Accumulating evidence showed that the claudin‐6 (CLDN6) expression was abnormal in many cancers, while its expression and biological functions in hepatocellular carcinoma (HCC) is still unclear. The present study demonstrated that CLDN6 was upregulated in HCC tissues compared with tumour‐adjacent tissues. CLDN6 silencing was significantly inhibited proliferation, migration, and invasion of HepG2 cells. Meanwhile, downregulation of CLDN6 remarkably inhibited the activation of EGFR/AKT/mTOR signalling pathway. Interestingly, the effect of CLDN6 overexpression on HepG2 cell proliferation and invasion could be inhibited by EGFR/AKT/mTOR signalling pathway inhibitor (AG1478).

中文翻译：

---

CLDN6的下调通过调节肝细胞癌中的EGFR / AKT / mTOR信号传导途径抑制细胞增殖，迁移和侵袭。

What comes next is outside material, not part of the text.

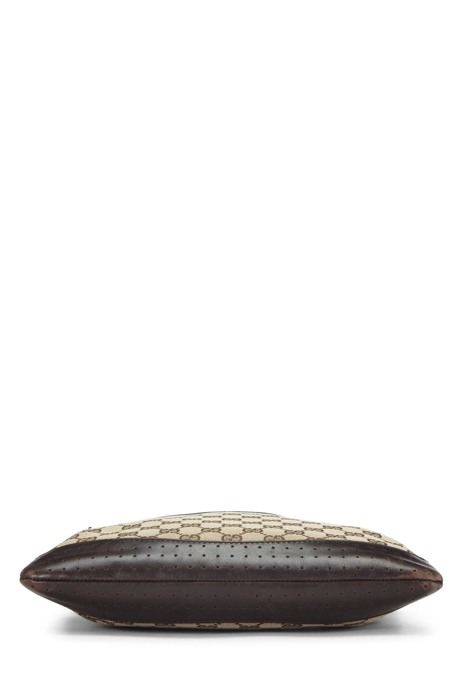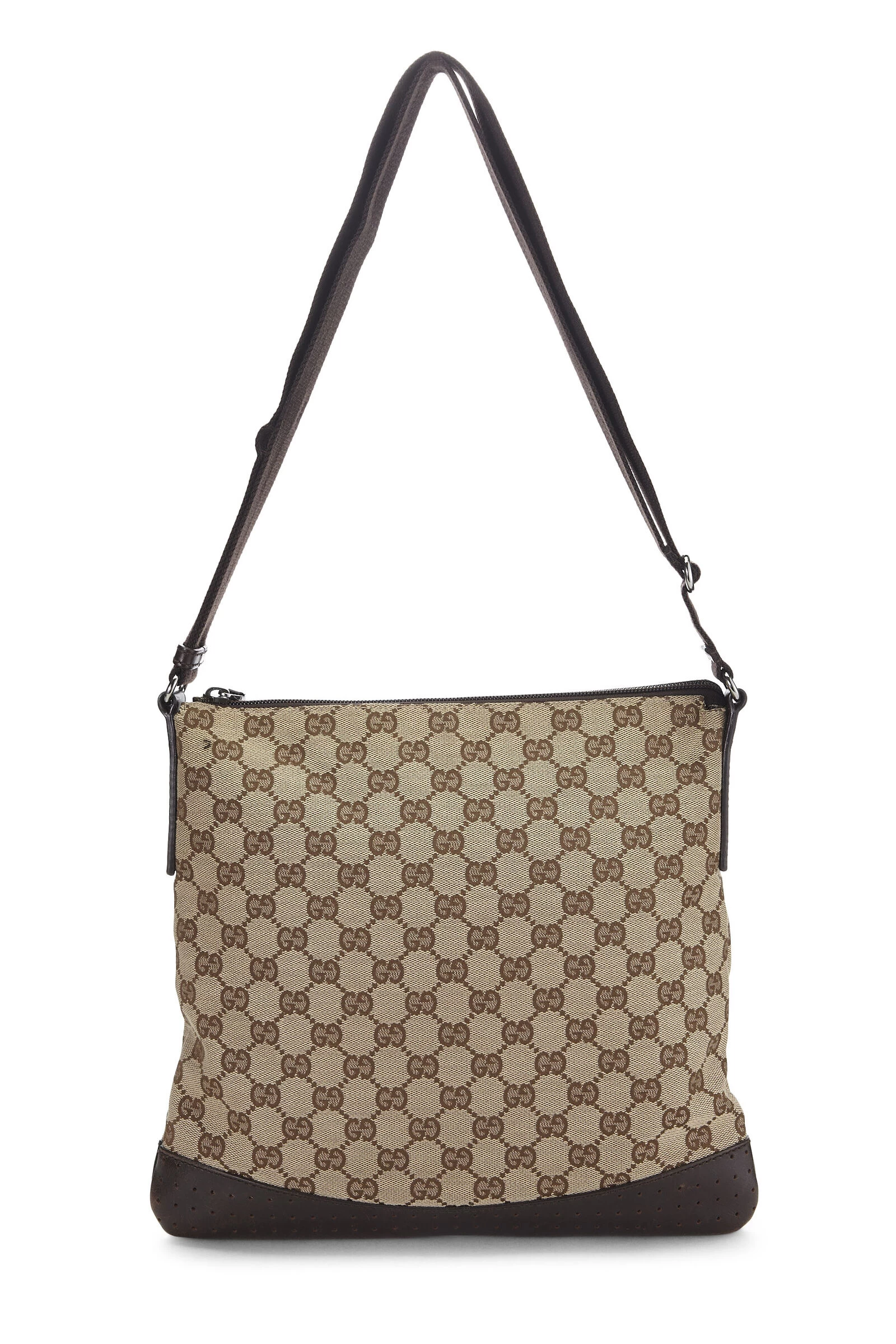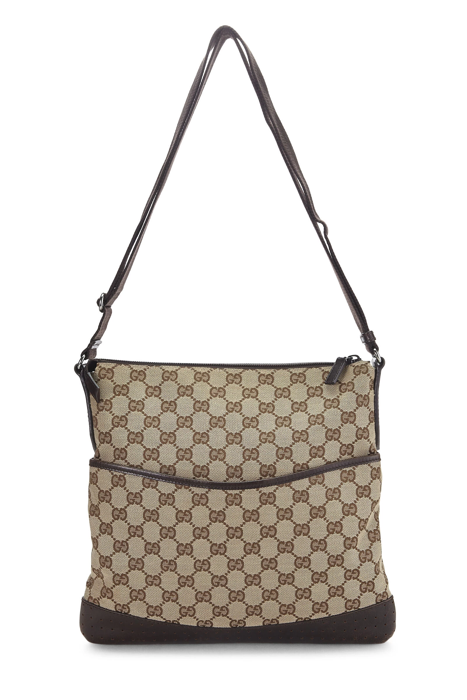 Classic Gucci messenger rendered in the house’s Original GG logo-printed canvas. Features perforated brown leather at base and a tonal brown canvas shoulder strap.

越来越多的证据表明，claudin-6（CLDN6）的表达在许多癌症中都是异常的，而其在肝细胞癌（HCC）中的表达和生物学功能仍不清楚。本研究表明，与癌旁组织相比，CLDN6在肝癌组织中上调。CLDN6沉默显着抑制HepG2细胞的增殖，迁移和侵袭。同时，CLDN6的下调显着抑制了EGFR / AKT / mTOR信号通路的激活。有趣的是，EGFR / AKT / mTOR信号通路抑制剂（AG1478）可抑制CLDN6过表达对HepG2细胞增殖和侵袭的影响。